DATA SEGMENT:
*-*-*
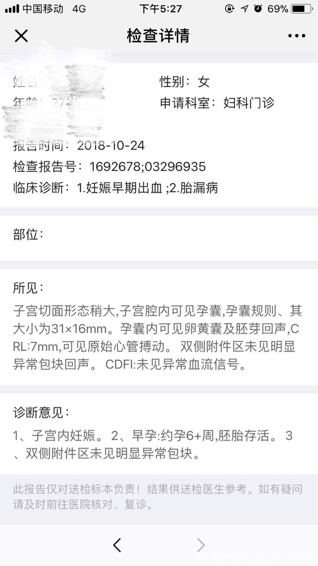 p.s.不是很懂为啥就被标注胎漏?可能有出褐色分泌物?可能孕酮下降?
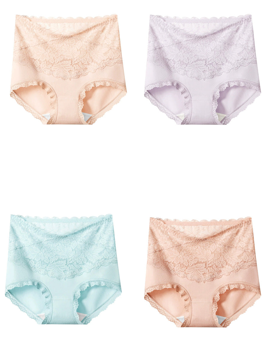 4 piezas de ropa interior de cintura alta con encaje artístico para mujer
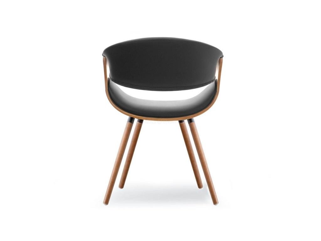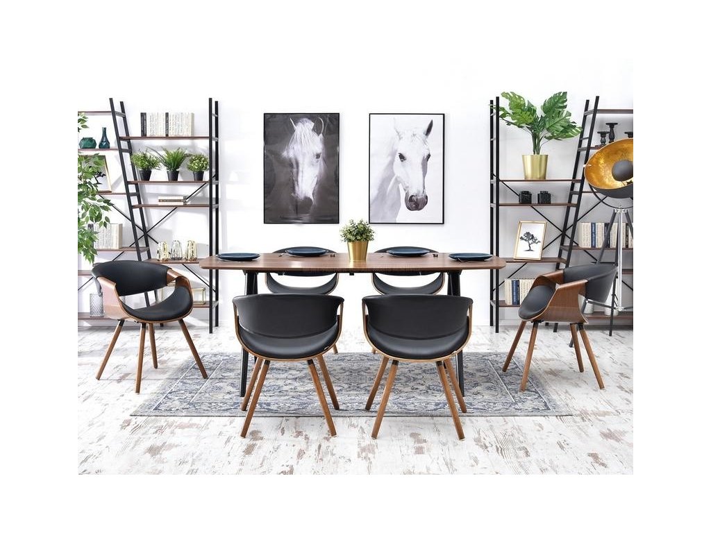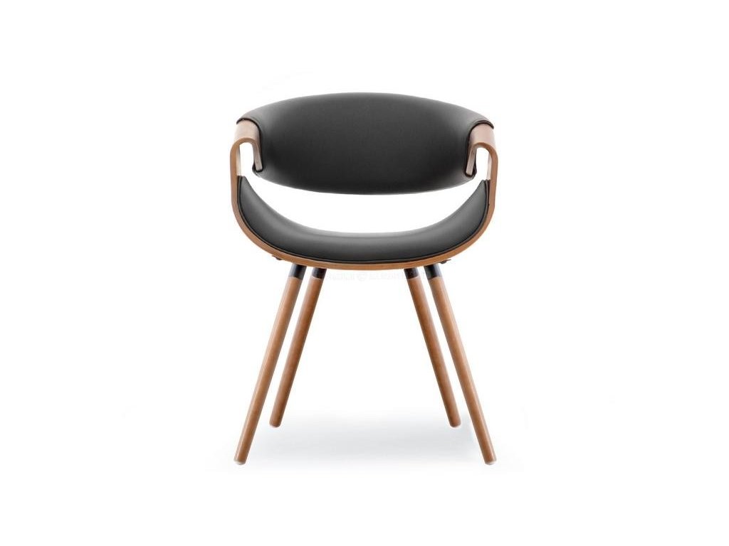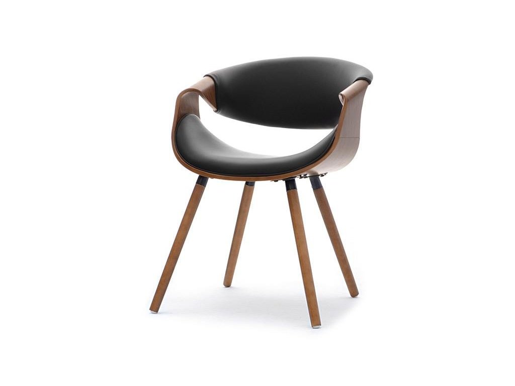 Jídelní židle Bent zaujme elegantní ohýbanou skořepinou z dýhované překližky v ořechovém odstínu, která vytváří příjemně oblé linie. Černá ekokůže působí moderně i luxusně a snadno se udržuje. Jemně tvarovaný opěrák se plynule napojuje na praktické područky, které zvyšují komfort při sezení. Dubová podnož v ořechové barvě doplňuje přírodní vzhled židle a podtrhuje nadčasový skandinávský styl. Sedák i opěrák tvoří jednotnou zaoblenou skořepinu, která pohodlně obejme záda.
*-*-*
ACTIVITY:
Each line above is to be transcribed exactly, though its pictures are not.

TASK ANSWER:
 p.s.不是很懂为啥就被标注胎漏?可能有出褐色分泌物?可能孕酮下降?
 4 piezas de ropa interior de cintura alta con encaje artístico para mujer
 Jídelní židle Bent zaujme elegantní ohýbanou skořepinou z dýhované překližky v ořechovém odstínu, která vytváří příjemně oblé linie. Černá ekokůže působí moderně i luxusně a snadno se udržuje. Jemně tvarovaný opěrák se plynule napojuje na praktické područky, které zvyšují komfort při sezení. Dubová podnož v ořechové barvě doplňuje přírodní vzhled židle a podtrhuje nadčasový skandinávský styl. Sedák i opěrák tvoří jednotnou zaoblenou skořepinu, která pohodlně obejme záda.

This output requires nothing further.